Data section:
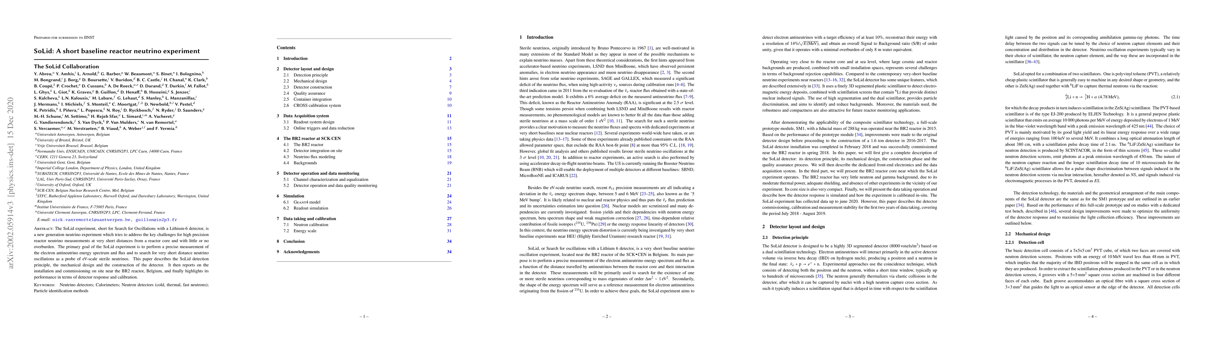 The SoLid experiment aims to precisely measure electron antineutrino energy spectrum and flux, and search for short-distance neutrino oscillations indicative of eV-scale sterile neutrinos. The paper details the detector's design, installation near the BR2 reactor, and its performance in calibration and response.
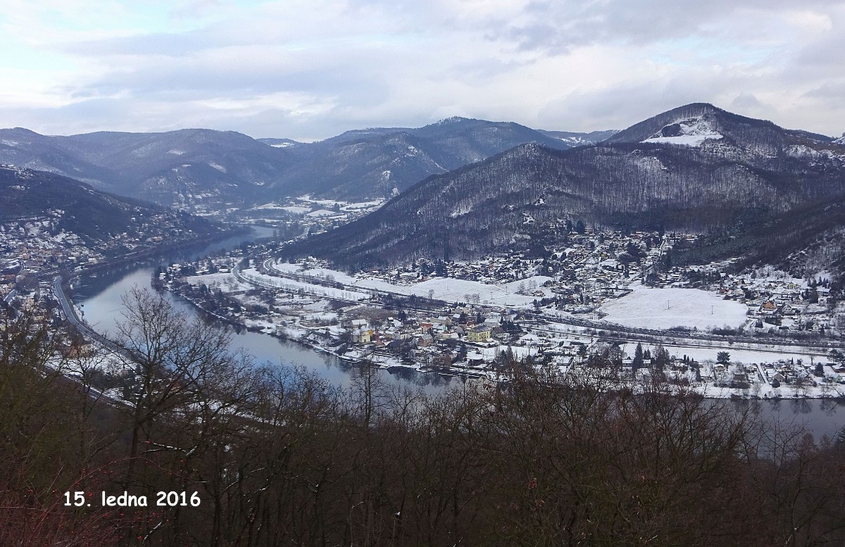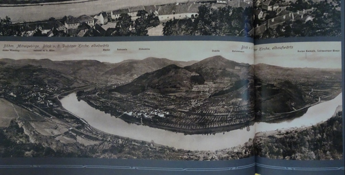 Jako základ ke srovnání jsem použila historickou fotografii z knihy Album starých pohlednic, České středohoří. Bohužel není datována, je však opatřena popisky psanými v němčině. Nejvyšší vrchol Deblík na druhé straně Labe je dnes bohužel řádně ohlodán těžbou kamene, což je vidět na fotografiích z novější doby.
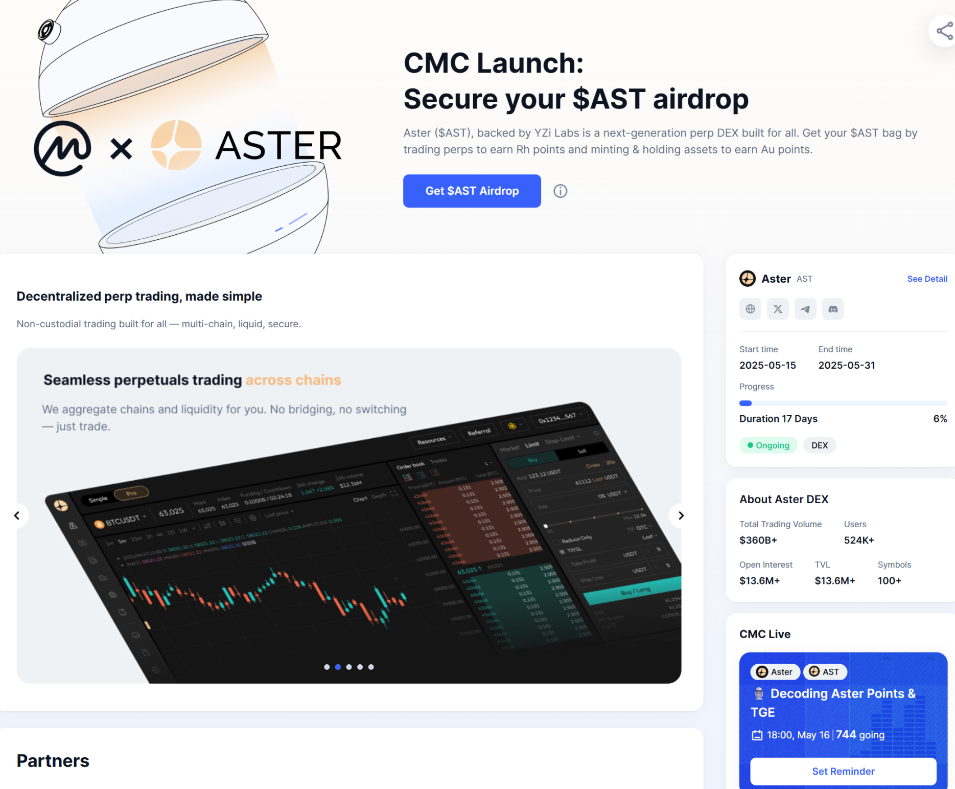 5 月 15 日,加密货币数据平台 CoinMarketCap(CMC)上线其全新功能——CMC Launch。其首发项目为 Aster(AST)。作为数据平台,这是近期以来的一大动作,那么其背后的意义和思考究竟是什么?Aster 又有哪些亮点成为 Launch 第一个上线项目?
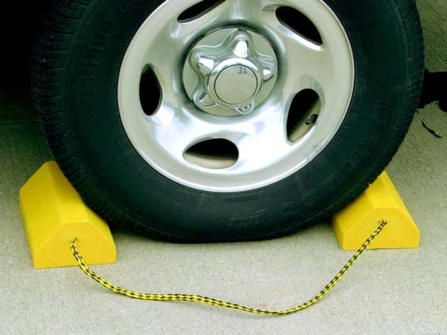 Use a set of wheel chocks wedged against the tires on the ground.

Action item:
Extract the run of lines from the line holding "5 月 15 日,加密货币数据平台" through the final line of the material above, exactly and inclusively. Leave the pictures behind.

Written response:
 5 月 15 日,加密货币数据平台 CoinMarketCap(CMC)上线其全新功能——CMC Launch。其首发项目为 Aster(AST)。作为数据平台,这是近期以来的一大动作,那么其背后的意义和思考究竟是什么?Aster 又有哪些亮点成为 Launch 第一个上线项目?
 Use a set of wheel chocks wedged against the tires on the ground.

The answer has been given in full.